**GIVEN ENTRIES:**
★ ★ ★ ★ ★ ★ ★
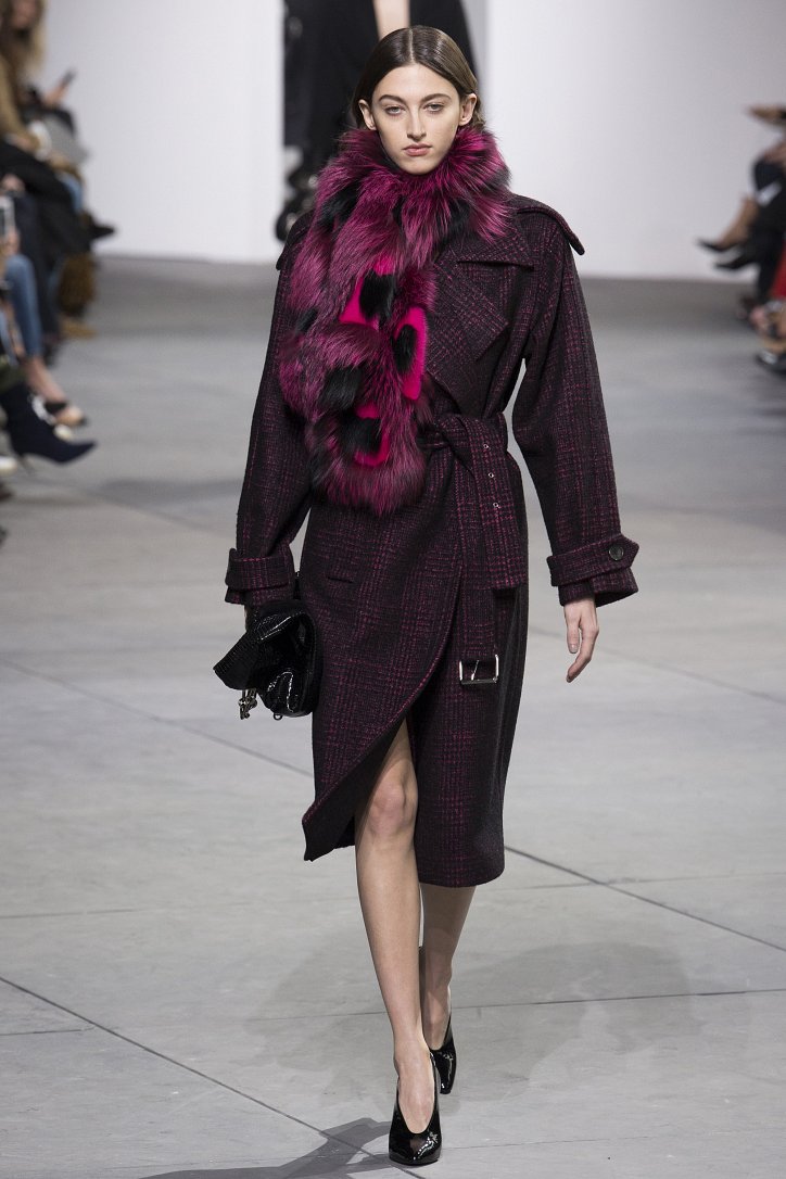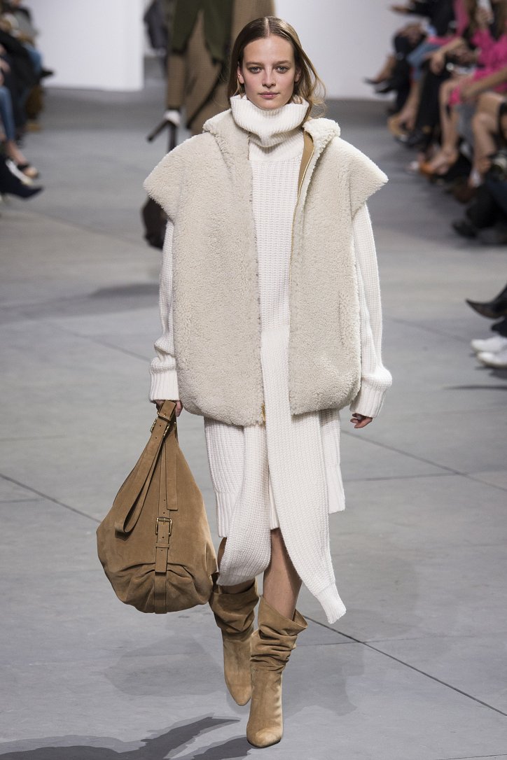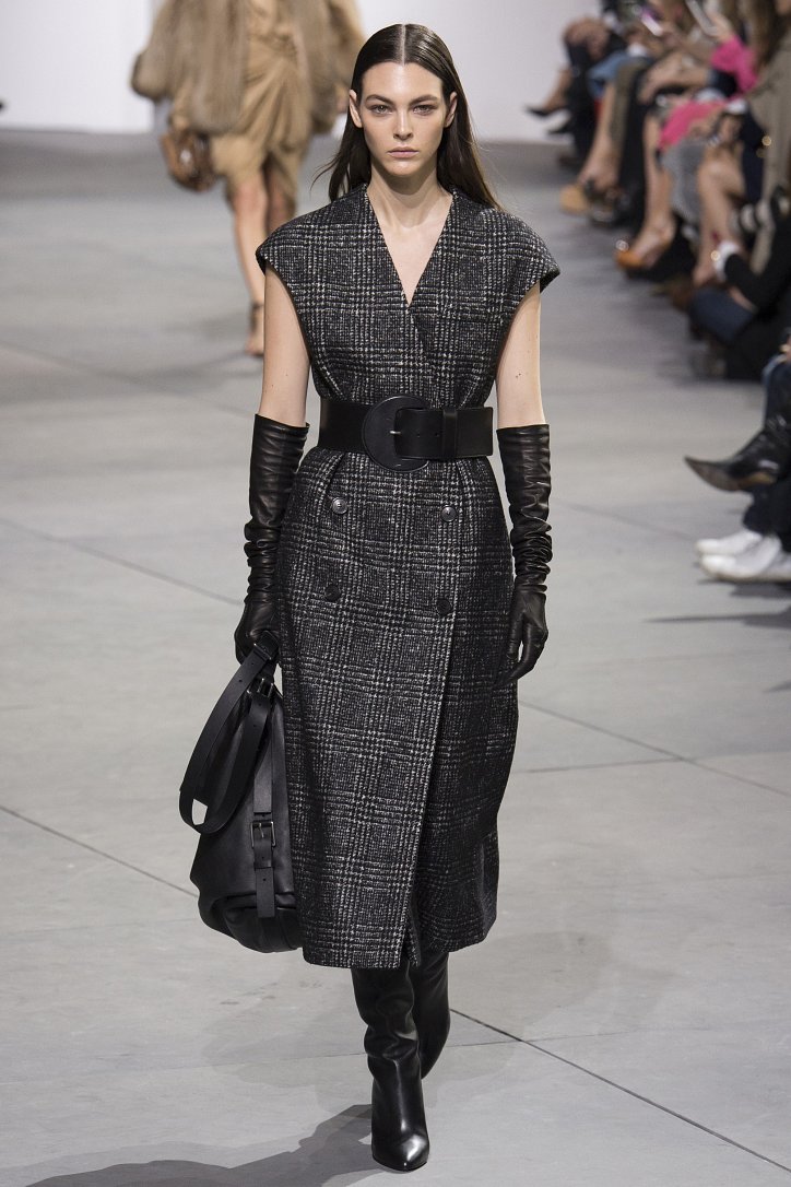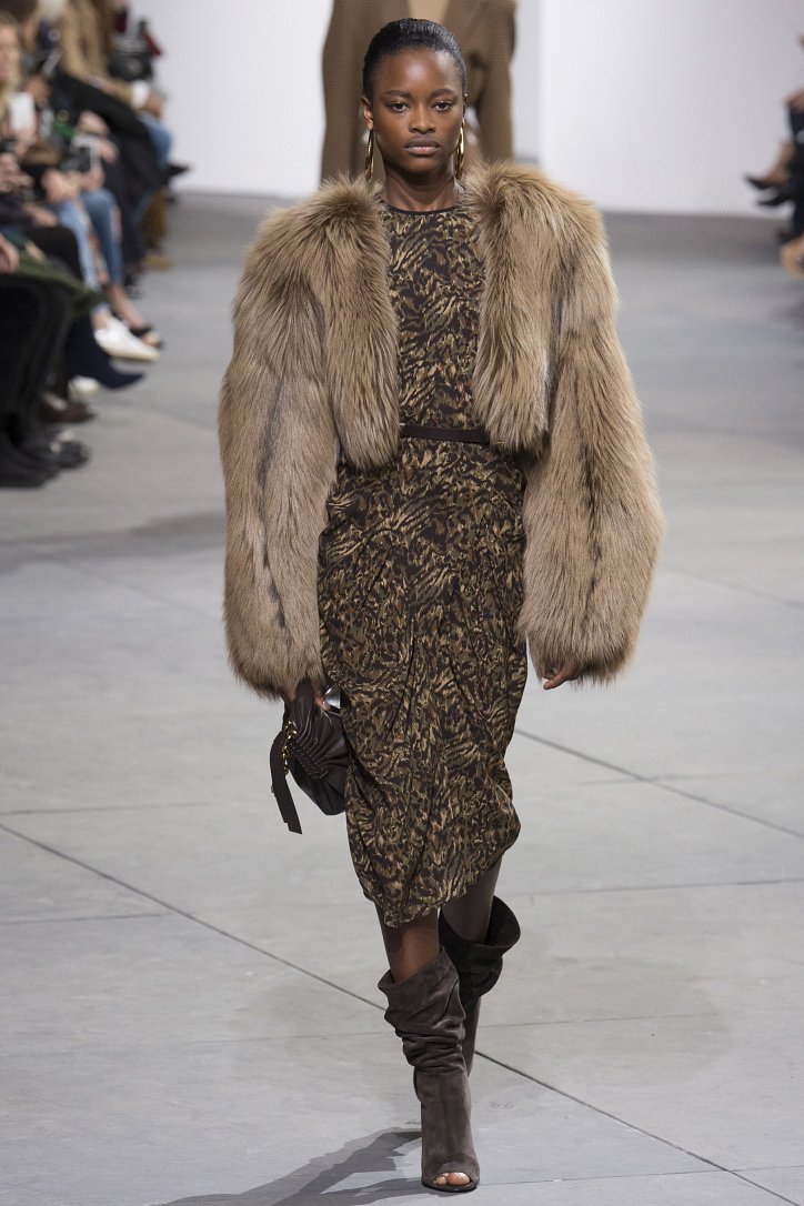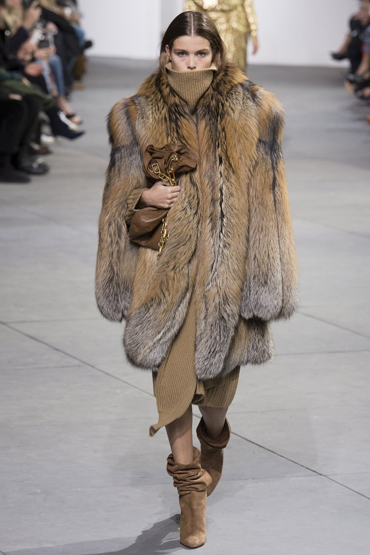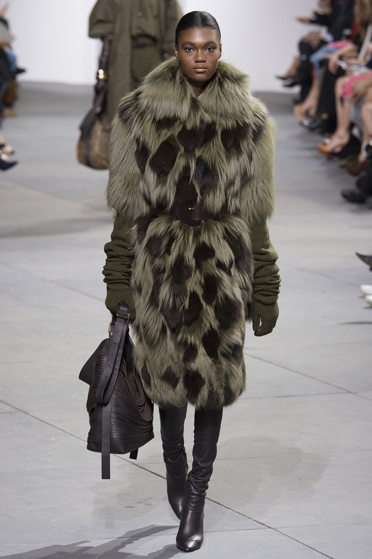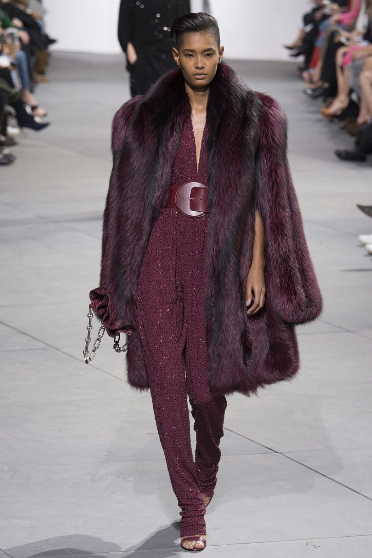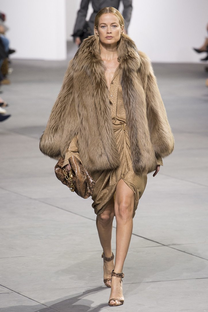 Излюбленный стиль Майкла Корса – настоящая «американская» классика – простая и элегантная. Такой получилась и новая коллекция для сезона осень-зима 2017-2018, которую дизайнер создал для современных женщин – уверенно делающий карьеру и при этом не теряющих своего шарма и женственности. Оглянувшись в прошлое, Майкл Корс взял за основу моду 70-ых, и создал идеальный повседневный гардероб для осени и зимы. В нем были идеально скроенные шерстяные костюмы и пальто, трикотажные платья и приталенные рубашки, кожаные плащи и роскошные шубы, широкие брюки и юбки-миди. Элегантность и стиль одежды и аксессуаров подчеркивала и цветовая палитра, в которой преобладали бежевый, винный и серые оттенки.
★ ★ ★ ★ ★ ★ ★
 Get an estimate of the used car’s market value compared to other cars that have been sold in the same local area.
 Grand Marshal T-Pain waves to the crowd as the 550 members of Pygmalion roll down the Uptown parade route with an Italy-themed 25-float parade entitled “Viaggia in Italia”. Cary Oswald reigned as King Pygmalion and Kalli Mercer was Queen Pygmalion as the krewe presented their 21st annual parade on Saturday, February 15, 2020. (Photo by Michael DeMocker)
★ ★ ★ ★ ★ ★ ★
**PROBLEM DETAILS:** Retype only the lines above between the line with "Get an estimate" and the line with "Grand Marshal T-Pain", counting those two lines as well, and keep every character as it is.

**EXERCISE RESPONSE:**
 Get an estimate of the used car’s market value compared to other cars that have been sold in the same local area.
 Grand Marshal T-Pain waves to the crowd as the 550 members of Pygmalion roll down the Uptown parade route with an Italy-themed 25-float parade entitled “Viaggia in Italia”. Cary Oswald reigned as King Pygmalion and Kalli Mercer was Queen Pygmalion as the krewe presented their 21st annual parade on Saturday, February 15, 2020. (Photo by Michael DeMocker)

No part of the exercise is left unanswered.